[Information shown]
*** Begin section ***
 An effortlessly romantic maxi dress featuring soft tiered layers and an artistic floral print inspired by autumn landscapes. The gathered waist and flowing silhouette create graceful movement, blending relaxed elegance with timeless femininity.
*** End section ***
*** Begin section ***
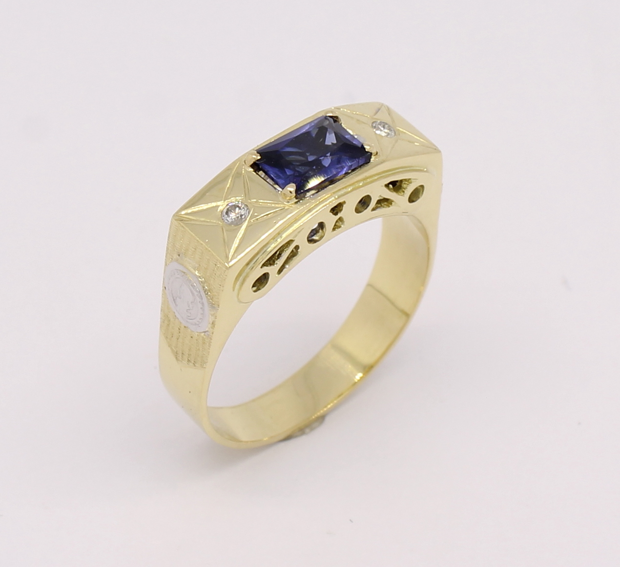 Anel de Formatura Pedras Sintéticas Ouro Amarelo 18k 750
*** End section ***
*** Begin section ***
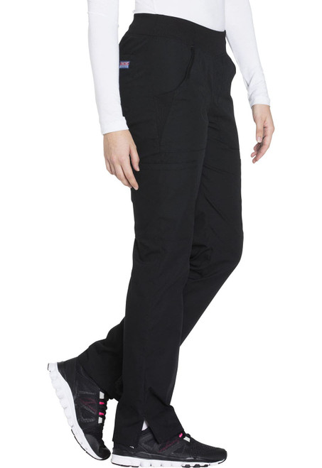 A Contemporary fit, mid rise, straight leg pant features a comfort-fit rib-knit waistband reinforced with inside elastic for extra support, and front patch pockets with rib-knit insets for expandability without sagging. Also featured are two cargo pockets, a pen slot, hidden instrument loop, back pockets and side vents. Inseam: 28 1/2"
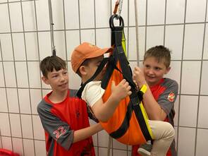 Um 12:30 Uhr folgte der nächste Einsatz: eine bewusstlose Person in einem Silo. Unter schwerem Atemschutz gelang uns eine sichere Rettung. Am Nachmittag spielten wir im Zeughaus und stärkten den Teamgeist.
*** End section ***
[Your assignment] I'd like the lines above repeated exactly, from the one that contains "A Contemporary fit, mid" through the one that contains "Um 12:30 Uhr", with no pictures.

[Reply]
 A Contemporary fit, mid rise, straight leg pant features a comfort-fit rib-knit waistband reinforced with inside elastic for extra support, and front patch pockets with rib-knit insets for expandability without sagging. Also featured are two cargo pockets, a pen slot, hidden instrument loop, back pockets and side vents. Inseam: 28 1/2"
 Um 12:30 Uhr folgte der nächste Einsatz: eine bewusstlose Person in einem Silo. Unter schwerem Atemschutz gelang uns eine sichere Rettung. Am Nachmittag spielten wir im Zeughaus und stärkten den Teamgeist.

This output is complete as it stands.